DATASET EXTRACT:
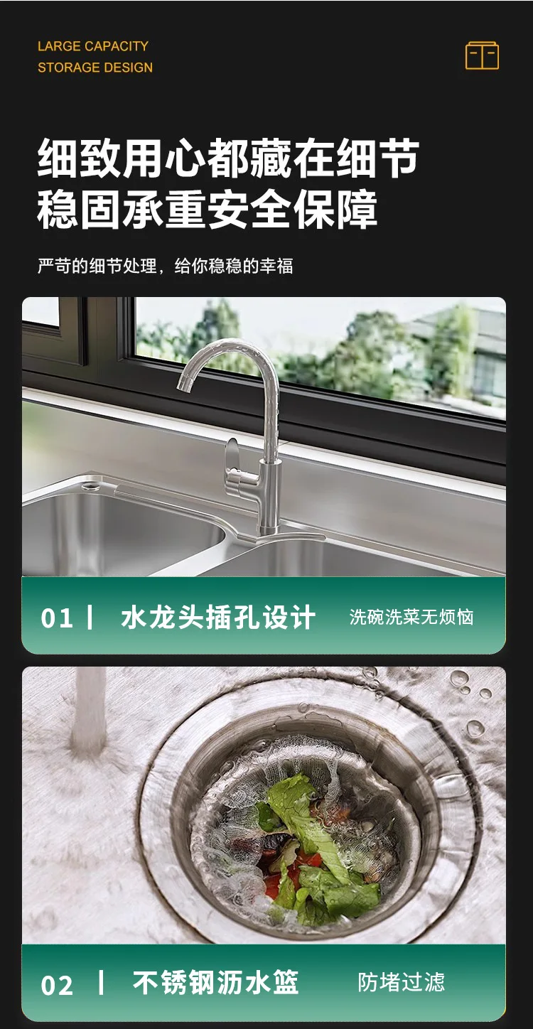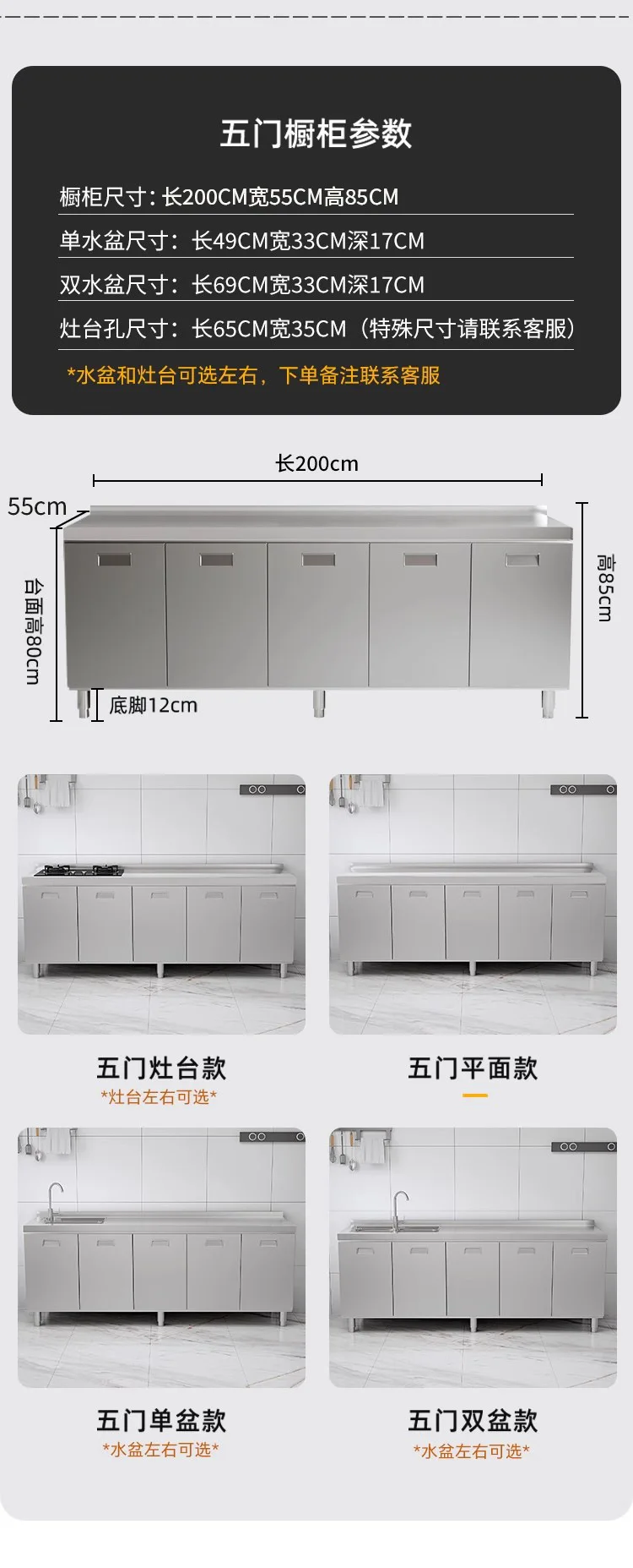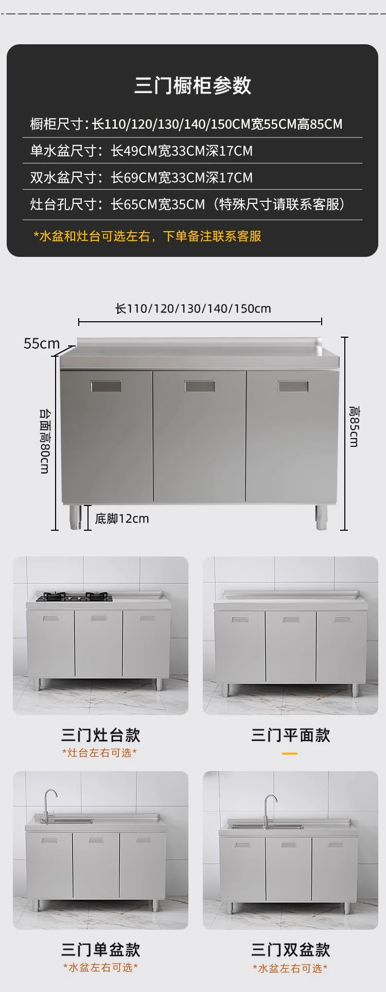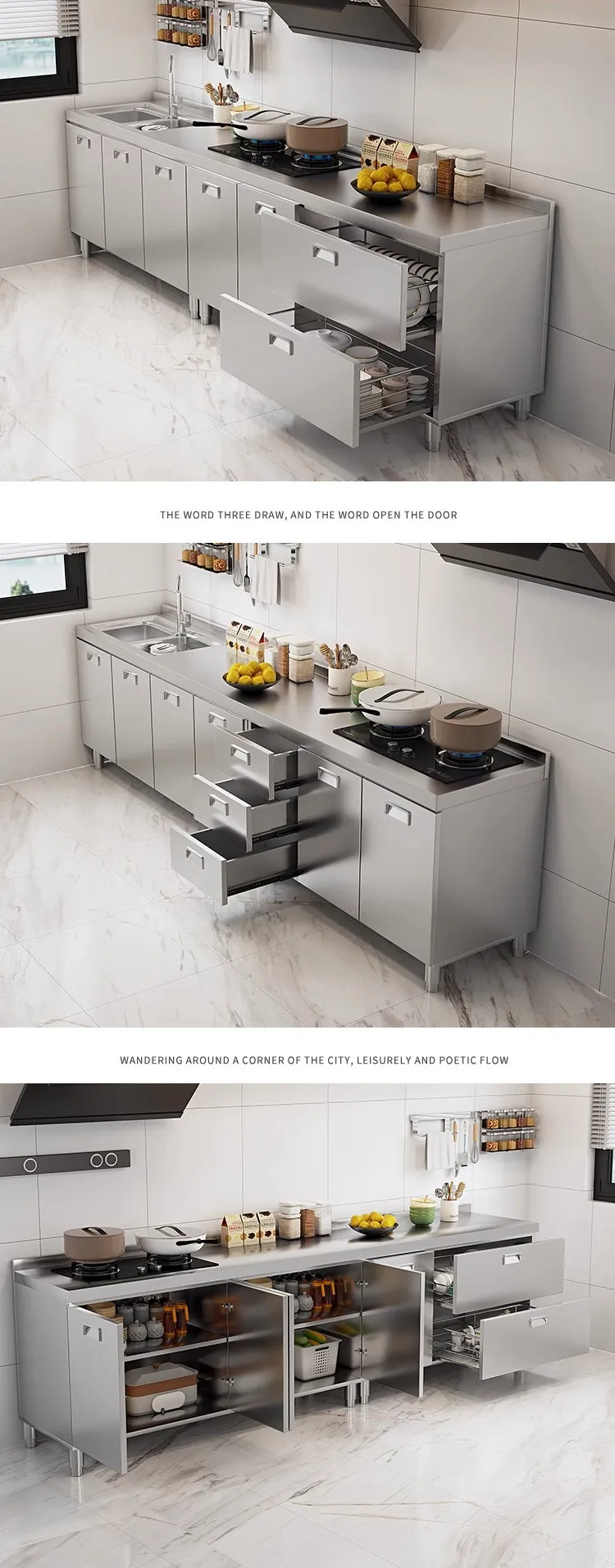 แหล่งที่มาโรงงานห้องครัวตู้ครัวสแตนเลสแบบบูรณาการ 304 เคาน์เตอร์รวมในครัวเรือนตู้สําเร็จรูปเช่าเตา
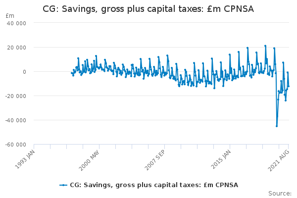 Download this time seriesCG: Savings, gross plus capital taxes: £m CPNSA
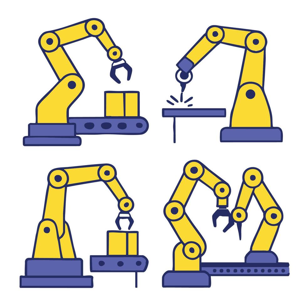 Robotic arms performing various tasks in factory setting, showcasing automation and efficiency Pro Vector
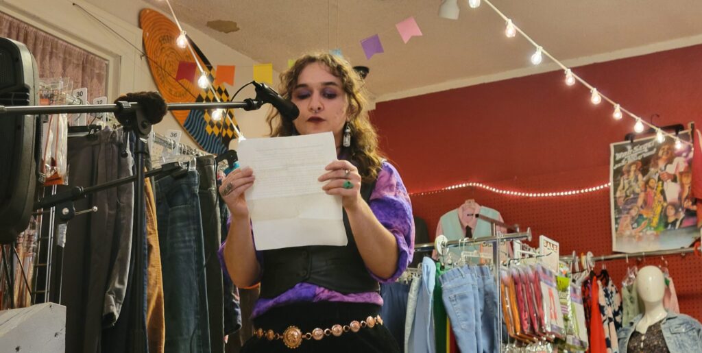 Musicians and poets took to the stage throughout the night, many of which shared their gratitude to be in community with fellow trans people. A few calls to action were issued – support trans loved ones, buy their work, and loudly resist the ongoing moral panic threatening their lives.
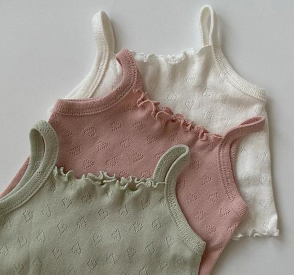 2025 여름 한국 스타일 새 아기 면 할로우 슬링 여름 소녀 얇은 니트 조끼 올 매치 편안한
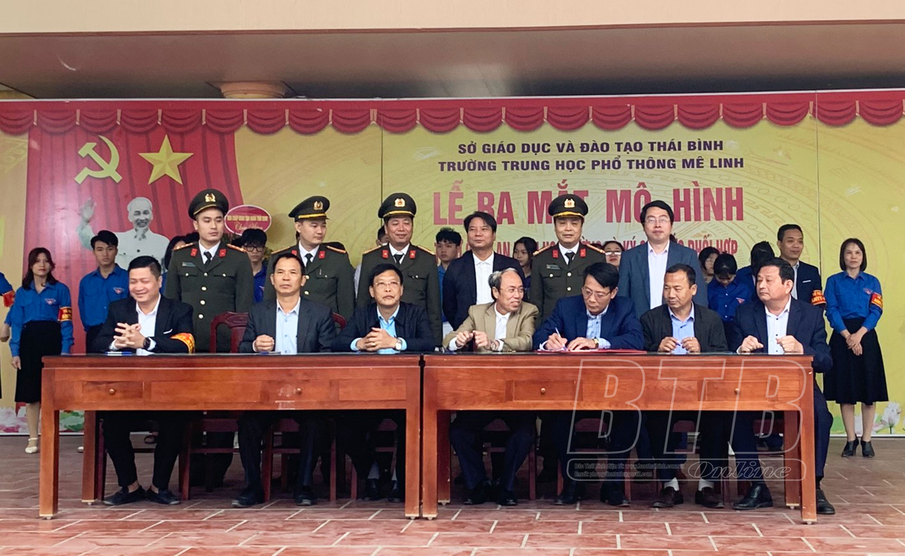 Lễ ký quy ước phối hợp bảo đảm an ninh trật tự giữa Trường THPT Mê Linh và UBND 6 xã cụm 3 (huyện Đông Hưng).
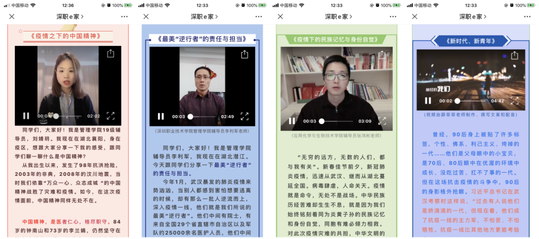 深圳職業(yè)技術(shù)學院學生工作部組織33位青年輔導員,推出33講戰(zhàn)“疫情”系列微課程,每天8:30準時推送。微課程主題涵蓋愛國主義教育、理想信念教育、生命教育、社會責任感教育、感恩教育,不同的主題、不同的視頻、不同的感悟,輔導員老師和同學們一起在戰(zhàn)“疫”中成長,為同學們講述每一個戰(zhàn)“疫”的感人故事。建環(huán)學院輔導員薛菲菲老師制作精美短視頻、撰寫文案、配樂、配音,以有思想又有溫度的方式與學生對話。她說,磨煉是成長的催化劑,抗疫是時代給予的成人禮,經(jīng)此一役,中國的年輕人們對責任和奉獻的感受更加直觀,對勇敢和擔當?shù)睦斫飧由羁?,而中國,也因?0后,收獲了青春洋溢的蓬勃力量!
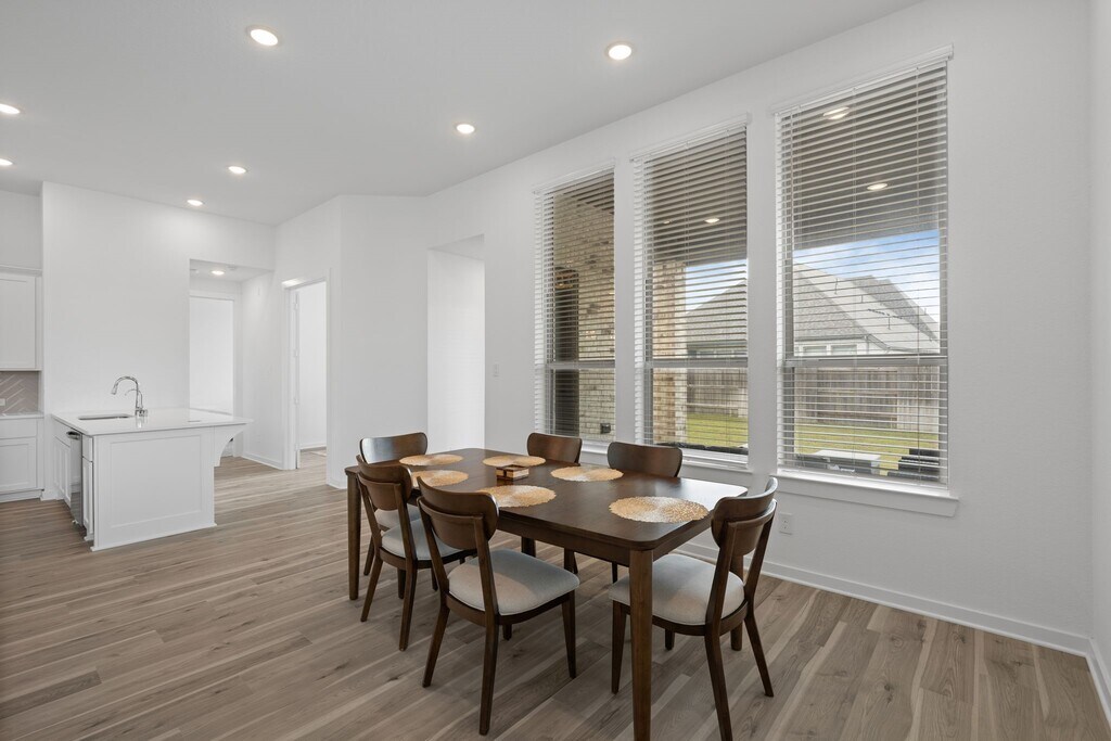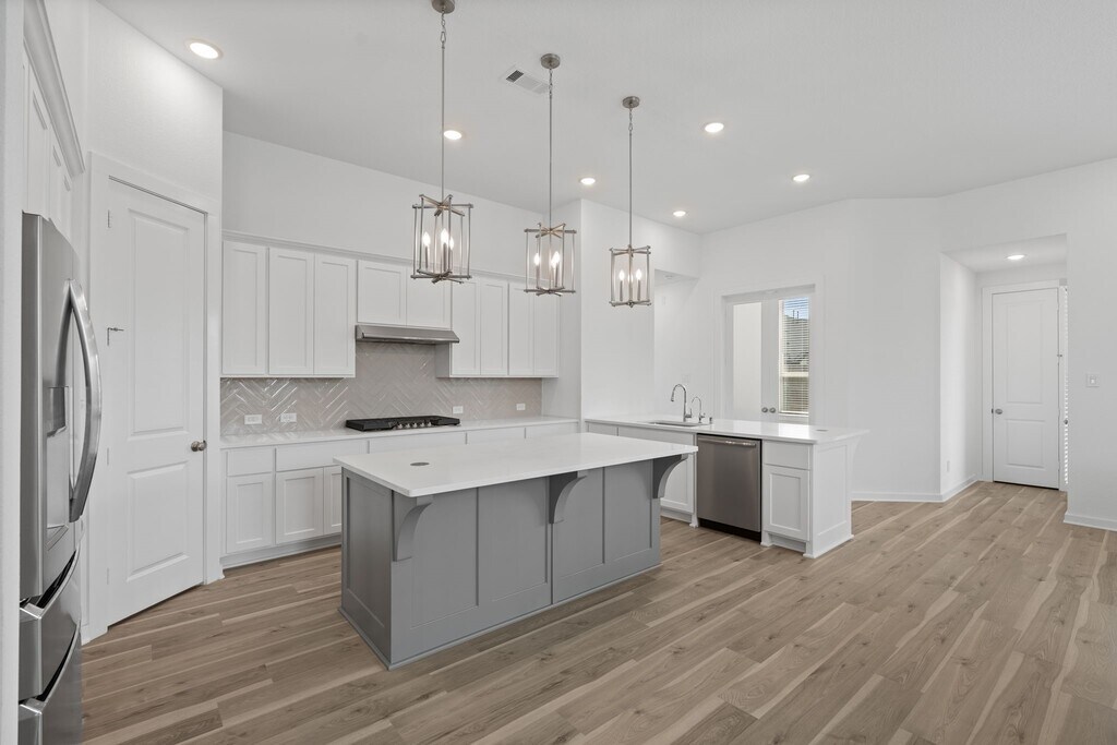 Beautiful one-story Highland Homes residence in the highly desirable Elyson community. This 4-bedroom,3-bath home offers 2,682 sq ft of bright,open living space with tall ceilings and abundant natural light. The large,inviting open kitchen features modern styling and expansive quartz countertops,oversized island,gas cooktop,double ovens,and walk-in pantry—ideal for entertaining. Kitchen flows seamlessly into the dining and family rooms. A dedicated media/entertainment room is perfect for movie nights with friends and family. The private study is tucked at the back of the home,offering peaceful views of backyard greenery. Enjoy a large backyard ideal for social events and gatherings,plus a covered patio. Partially furnished with dining table and additional furnishings as shown in images,along with washer,dryer,and refrigerator. Zoned to highly rated Katy ISD schools with access to resort-style amenities,parks,and trails. Available for move-in mid-June. MLS ID 8858778
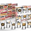 W komplecie znajdziesz 6 kieliszków o pojemności 35 ml, każdy z unikalnym, zabawnym nadrukiem:
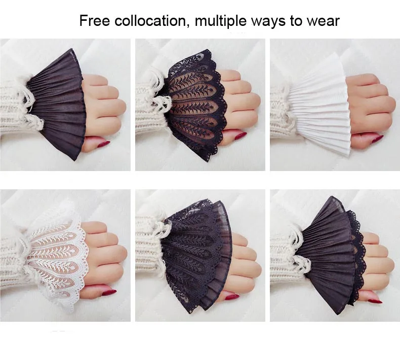 Женские кружевные плиссированные с рюшами Ложные манжеты Ложные рукава блузка одежда платье свитер с коротким рукавом
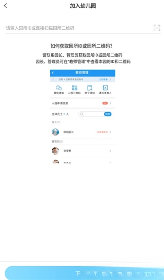 4.输入幼儿园的的班级ID或者园所加入幼儿园。
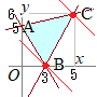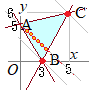 条件を満たす領域は右図の水色で示した部分(内部および周上)交点の座標は2つずつ選んだ連立方程式の解として求められ,A(0, 5), B(3, 0), C(5, 6)となる. • x+y=kすなわち,y=−x+kとおくと,傾きが−1の直線になるから,右図で赤線で示したように 点B(3, 0)において最小値3+0=3をとる. 点C(5, 6)において最大値5+6=11をとる.・・・(答) (雑談のようで雑談ではない話)・・・本気の授業 上の答案でx+y=kの直線が通っていると言っても,最大値となる点はCの1つしかない.最小値の方も同様にBが1つだけ.・・・こんな頼りない話でよいのか?と思うかもしれませんが,この点に目を向けると,領域内の最大最小問題に鋭く切り込んでいける.
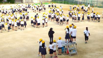 児童集会はスマイル班(縦割り班)で集まって行っています。今日は「自己紹介ルーレット」をしました。班で輪になり、輪の真ん中に目をつむって一人立ちます。音楽が鳴ると周りの人はグルグルと回り始めます。音楽が止まった時に、真ん中の人の正面にいる人が自己紹介をしました。少しずつ、スマイル班の友だちと仲良くなっていっています。
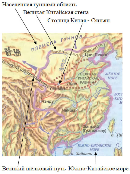 Поработайте с картой (см. с. 112). Найдите Южно-Китайское море; Великую Китайскую стену и Великий шёлковый путь; населённую гуннами область; столицу объединённого Китая. Определите название столицы.
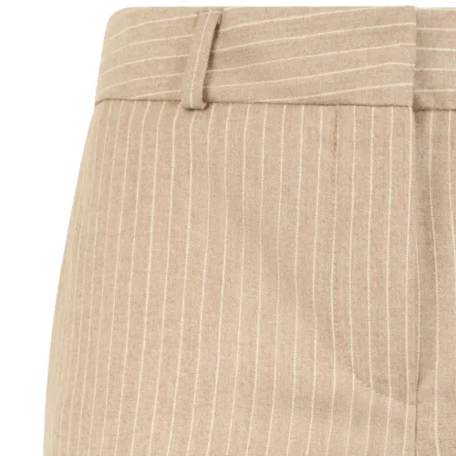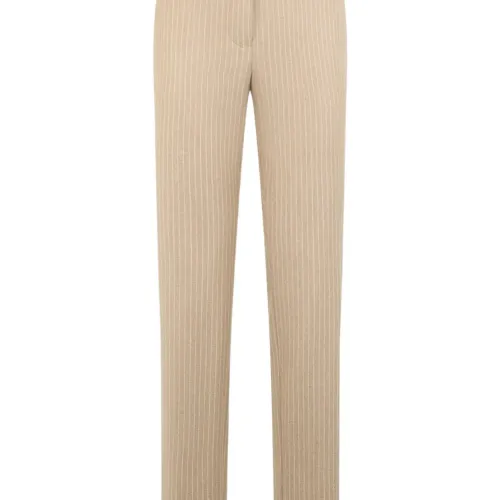 бежевый с узором в тонкую полоску, шлевки для ремня, передние карманы, задние прорезные карманы, застежка с потайной планкой
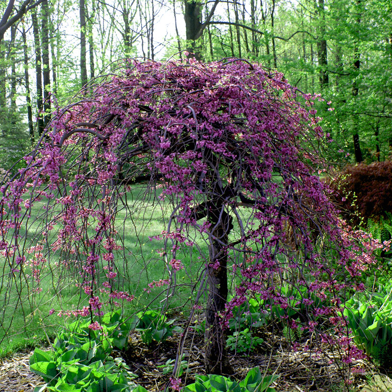 The impact is accentuated by the weeping, twisted branches tipping towards the ground. This tiny tree explodes in the spring with electric lavender flower clusters cascading along the bare, weeping branches in early spring.
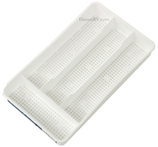 The Camco 43508 White Compact Cutlery Tray fits easily into RV drawers to keep your flatware organized. It is compact and it measures 7 inches x 11 inches x 1.55 inches deep.

WHAT THE EXERCISE ASKS:
Copy every line above exactly; images stay out.

TASK SOLUTION:
 แหล่งที่มาโรงงานห้องครัวตู้ครัวสแตนเลสแบบบูรณาการ 304 เคาน์เตอร์รวมในครัวเรือนตู้สําเร็จรูปเช่าเตา
 Download this time seriesCG: Savings, gross plus capital taxes: £m CPNSA
 Robotic arms performing various tasks in factory setting, showcasing automation and efficiency Pro Vector
 Musicians and poets took to the stage throughout the night, many of which shared their gratitude to be in community with fellow trans people. A few calls to action were issued – support trans loved ones, buy their work, and loudly resist the ongoing moral panic threatening their lives.
 2025 여름 한국 스타일 새 아기 면 할로우 슬링 여름 소녀 얇은 니트 조끼 올 매치 편안한
 Lễ ký quy ước phối hợp bảo đảm an ninh trật tự giữa Trường THPT Mê Linh và UBND 6 xã cụm 3 (huyện Đông Hưng).
 深圳職業(yè)技術(shù)學院學生工作部組織33位青年輔導員,推出33講戰(zhàn)“疫情”系列微課程,每天8:30準時推送。微課程主題涵蓋愛國主義教育、理想信念教育、生命教育、社會責任感教育、感恩教育,不同的主題、不同的視頻、不同的感悟,輔導員老師和同學們一起在戰(zhàn)“疫”中成長,為同學們講述每一個戰(zhàn)“疫”的感人故事。建環(huán)學院輔導員薛菲菲老師制作精美短視頻、撰寫文案、配樂、配音,以有思想又有溫度的方式與學生對話。她說,磨煉是成長的催化劑,抗疫是時代給予的成人禮,經(jīng)此一役,中國的年輕人們對責任和奉獻的感受更加直觀,對勇敢和擔當?shù)睦斫飧由羁?,而中國,也因?0后,收獲了青春洋溢的蓬勃力量!
 Beautiful one-story Highland Homes residence in the highly desirable Elyson community. This 4-bedroom,3-bath home offers 2,682 sq ft of bright,open living space with tall ceilings and abundant natural light. The large,inviting open kitchen features modern styling and expansive quartz countertops,oversized island,gas cooktop,double ovens,and walk-in pantry—ideal for entertaining. Kitchen flows seamlessly into the dining and family rooms. A dedicated media/entertainment room is perfect for movie nights with friends and family. The private study is tucked at the back of the home,offering peaceful views of backyard greenery. Enjoy a large backyard ideal for social events and gatherings,plus a covered patio. Partially furnished with dining table and additional furnishings as shown in images,along with washer,dryer,and refrigerator. Zoned to highly rated Katy ISD schools with access to resort-style amenities,parks,and trails. Available for move-in mid-June. MLS ID 8858778
 W komplecie znajdziesz 6 kieliszków o pojemności 35 ml, każdy z unikalnym, zabawnym nadrukiem:
 Женские кружевные плиссированные с рюшами Ложные манжеты Ложные рукава блузка одежда платье свитер с коротким рукавом
 4.输入幼儿园的的班级ID或者园所加入幼儿园。
 条件を満たす領域は右図の水色で示した部分(内部および周上)交点の座標は2つずつ選んだ連立方程式の解として求められ,A(0, 5), B(3, 0), C(5, 6)となる. • x+y=kすなわち,y=−x+kとおくと,傾きが−1の直線になるから,右図で赤線で示したように 点B(3, 0)において最小値3+0=3をとる. 点C(5, 6)において最大値5+6=11をとる.・・・(答) (雑談のようで雑談ではない話)・・・本気の授業 上の答案でx+y=kの直線が通っていると言っても,最大値となる点はCの1つしかない.最小値の方も同様にBが1つだけ.・・・こんな頼りない話でよいのか?と思うかもしれませんが,この点に目を向けると,領域内の最大最小問題に鋭く切り込んでいける.
 児童集会はスマイル班(縦割り班)で集まって行っています。今日は「自己紹介ルーレット」をしました。班で輪になり、輪の真ん中に目をつむって一人立ちます。音楽が鳴ると周りの人はグルグルと回り始めます。音楽が止まった時に、真ん中の人の正面にいる人が自己紹介をしました。少しずつ、スマイル班の友だちと仲良くなっていっています。
 Поработайте с картой (см. с. 112). Найдите Южно-Китайское море; Великую Китайскую стену и Великий шёлковый путь; населённую гуннами область; столицу объединённого Китая. Определите название столицы.
 бежевый с узором в тонкую полоску, шлевки для ремня, передние карманы, задние прорезные карманы, застежка с потайной планкой
 The impact is accentuated by the weeping, twisted branches tipping towards the ground. This tiny tree explodes in the spring with electric lavender flower clusters cascading along the bare, weeping branches in early spring.
 The Camco 43508 White Compact Cutlery Tray fits easily into RV drawers to keep your flatware organized. It is compact and it measures 7 inches x 11 inches x 1.55 inches deep.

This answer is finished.